Now you only obtained 16 out of 17 correct calls for the oligo arrays when you used Affymetrix microarray suite 5.0 to analyze the data. When you used 4.0 you found that the Affymetrix arrays were in fact less accurate than the cDNA arrays, only identifying 14 out of 17 differentially expressed genes. Would you say this difference in performance from 4.0 to 5.0 is significant, and have you found 5.0 to work generally better than 4.0?
From my experience, Microarray Suite 4.0 gives false negatives and Microarray Suite 5.0 gives false positives using the default settings (in addition to our detection criteria). If an exhaustive list of regulated genes is needed, 5.0 can be used for data analysis. The false positives should be eliminated after careful validation of candidate genes. In contrast, if the list of regulated genes does not have to be comprehensive, 4.0 will perform better because it generates a smaller list with fewer false positives to start with.
You came up with a mathematical method to correct for bias in underestimating the difference in expression levels between experimental and control samples with the cDNA arrays, but not with oligo arrays. So what should users do about the oligo array results?
A difficult question. We are not able to develop any mathematical model to correct the Affy fold change. Therefore, I think users should keep in mind that the fold changes, especially the larger ones, are probably underestimated in their Affy experiment.
Also, your fold change correction method for the cDNA arrays increases the CV for cDNA arrays from 20.2 percent to 33.6 percent. Does this mean you need to do more replicates?
More replicates will not help. After correction the fold changes scatter around the real value with a slightly higher standard deviation. Increasing sampling size will not improve the SD value.
Now you also came up with a new mathematical model for estimating the efficiency of PCR. Are you planning to publish this model on its own?
The model is already described in the Nucleic Acids Research paper and I don’t think we will write a paper on the model alone.
Also, what are you doing with microarrays now?

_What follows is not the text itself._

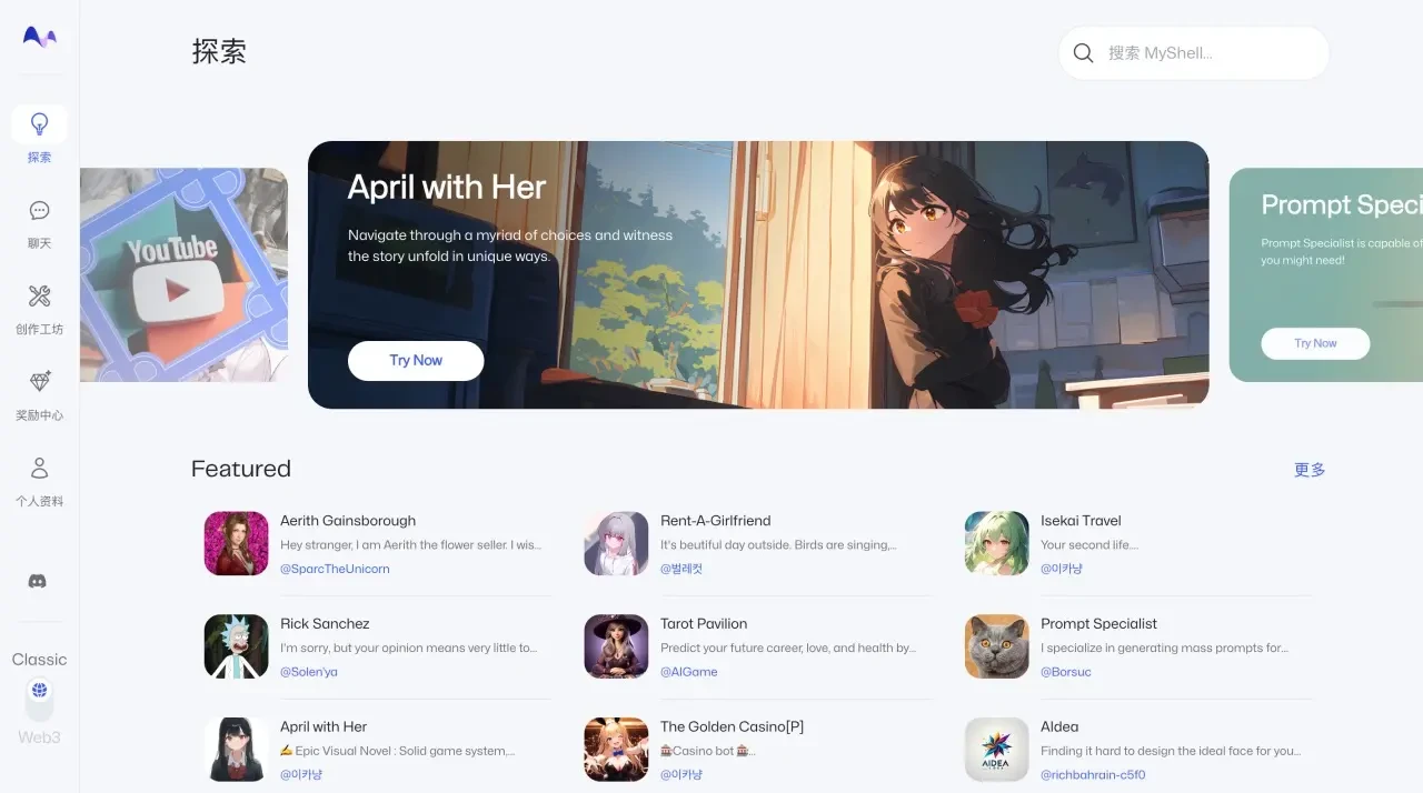 MyShell 目前分为 Web2 和 Web3 两个版本,用户可以与大量各种类型的 AI 机器人与之对话,也可以创建自己的机器人角色。

Actually I spend much more time on real-time PCR than on microarrays. I can do an Affy experiment in about two weeks, from cell treatment to RNA preparation to labeling to hybridization to data analysis. However, it takes me months to follow up those candidate genes. To us, array screening is for discovery of candidate genes. Further experiments, such as detailed time-course or dose-response are done using quantitative PCR. (For example, see “Coupling of GnRH concentration and the GnRH receptor-activated gene program,” Mol Endocrinol 2002 Jun;16(6):1145-53.) The Nucleic Acids Research paper is just a little side track. Since we have data on cDNA and on oligo arrays that compare essentially the same samples, we thought that many people would be interested to see how these two platforms compare.